Issue (i): Whether the refund claim was barred by limitation on the ground that the assessments were not provisional.
Analysis: Provisional assessment requires an order or permission by the proper officer under Rule 9B; mere correspondence between departmental officers or an endorsement on RT-12 returns does not substitute such an order. A price variation clause in the contract does not by itself make the assessment provisional. In the absence of an express provisional assessment order, the refund claim had to comply with the limitation period for refund claims.
Conclusion: The refund claim was barred by limitation to the extent it related to duty paid beyond the prescribed six-month period; the issue was decided against the assessee on this aspect.

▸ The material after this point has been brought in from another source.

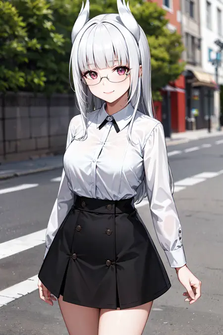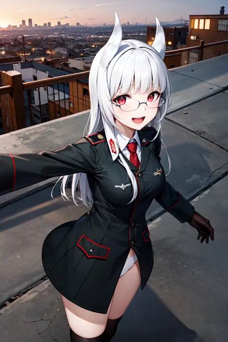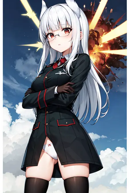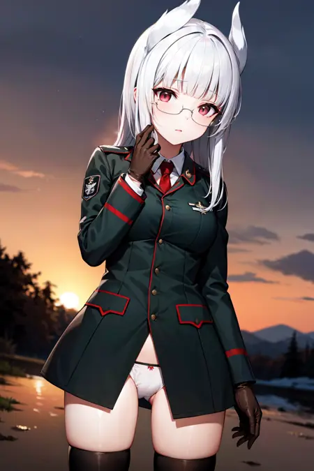 aahws, 긴 머리, 흰색 머리, 머리 날개, 곧은 앞머리, 안경, 군복, 빨간 넥타이, 검은 재킷, 긴 소매, 갈색 장갑, 바지 없음, 흰색 팬티, 검은 허벅지 양말

Issue (ii): Whether the refund was hit by the doctrine of unjust enrichment.
Analysis: The purchase orders contained escalation and de-escalation clauses, and the payment advices showed deductions towards excise duty difference. On that material, the incidence of duty was not shown to have been passed on to the customers. The doctrine of unjust enrichment therefore did not apply to the refundable excess duty.
Conclusion: The refund was not barred by unjust enrichment and was allowable to the assessee on this aspect.
Final Conclusion: The appeal succeeded only in part: limitation defeated the refund to the extent of the delayed claim, but the balance refund remained admissible because unjust enrichment was not attracted.
Ratio Decidendi: A refund claim cannot be treated as one arising from provisional assessment unless there is an express order under Rule 9B, and a contractual price variation clause alone does not displace the limitation under Section 11B; however, where the evidence shows that duty incidence was not passed on, unjust enrichment does not bar refund.